[ZODB-Dev] [ZEO] rather long periods of unresponsiveness

Sat Dec 18 12:27:54 EST 2004

In our installation, ZEO (from ZODB 3.2) runs on a high availability cluster.
The cluster periodically probes ZEO for responsiveness and
restarts it when it becomes irresponsive.

When a larger transaction is committed (I checked with a 
transaction of size 35 MB affecting 250.000 objects),
then ZEO is irresponsive for about a minute.

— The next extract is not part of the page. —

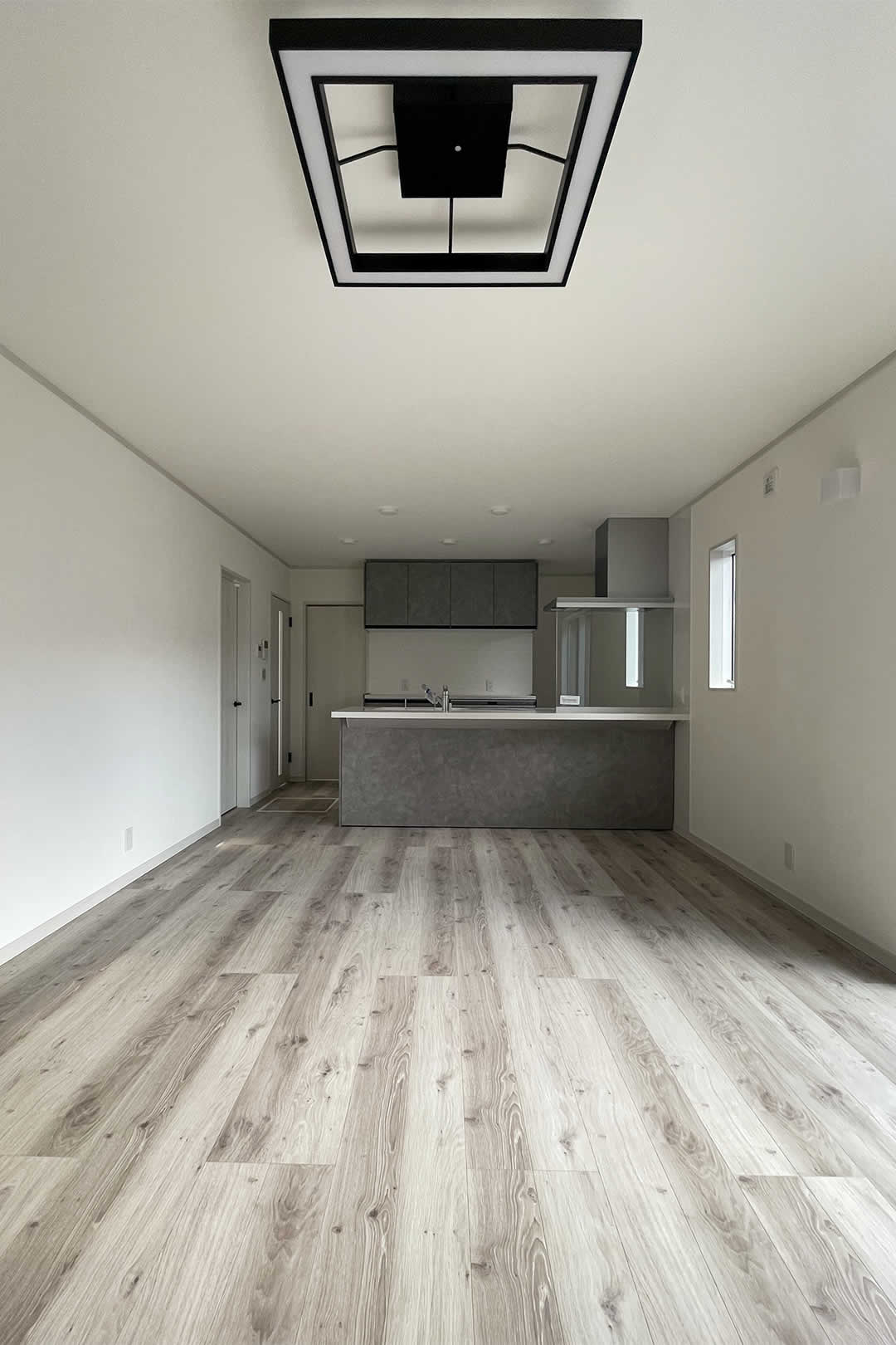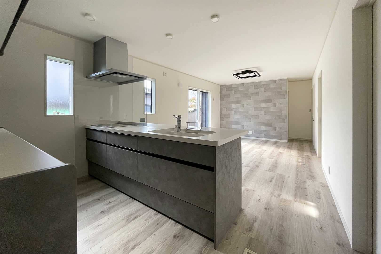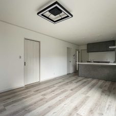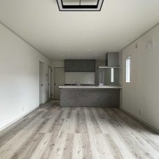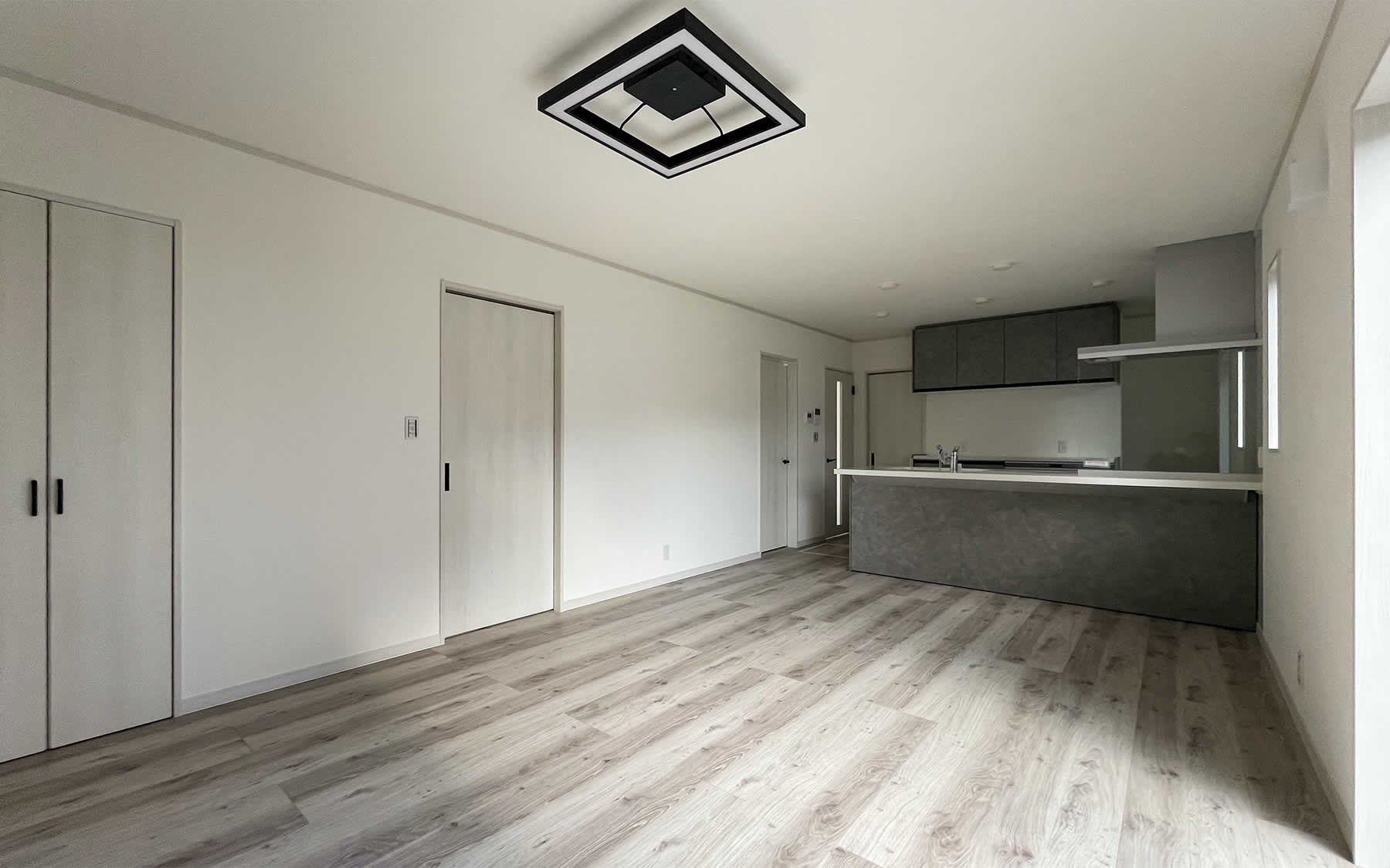 建具や床は白い木目調で優しい印象のリビング。オシャレで飽きのこない空間でどんなテイストにも合わせられます。グレーのキッチンの色が引き立ちます。

The reason for this long irresponsiveness time lies in a special (facinating)
implementation of the two phase commit by ZEO:

  In the first phase, ZEO does not store the changed object data in the
  storage directly but puts it into a "CommitLog" (essentially
  a temporary file).

  Only in the "vote" (end of first commit phase),
  ZEO calls the storage's "tpc_begin" (and thereby acquires
  the storage's commit lock) and then transfers the changed
  data from the "CommitLog" to the storage.
  Depending on the size of the transaction and the number
  of affected objects, this can take a long time and
  ZEO is irresponsive during this time.

What do you think about executing "vote" (more precisely
"_vote") in a separate thread when the transaction is sufficiently
large (with respect to size or number of modified objects)?
This would allow the main ZEO thread to
process other unrelated requests in parallel.

-- 
Dieter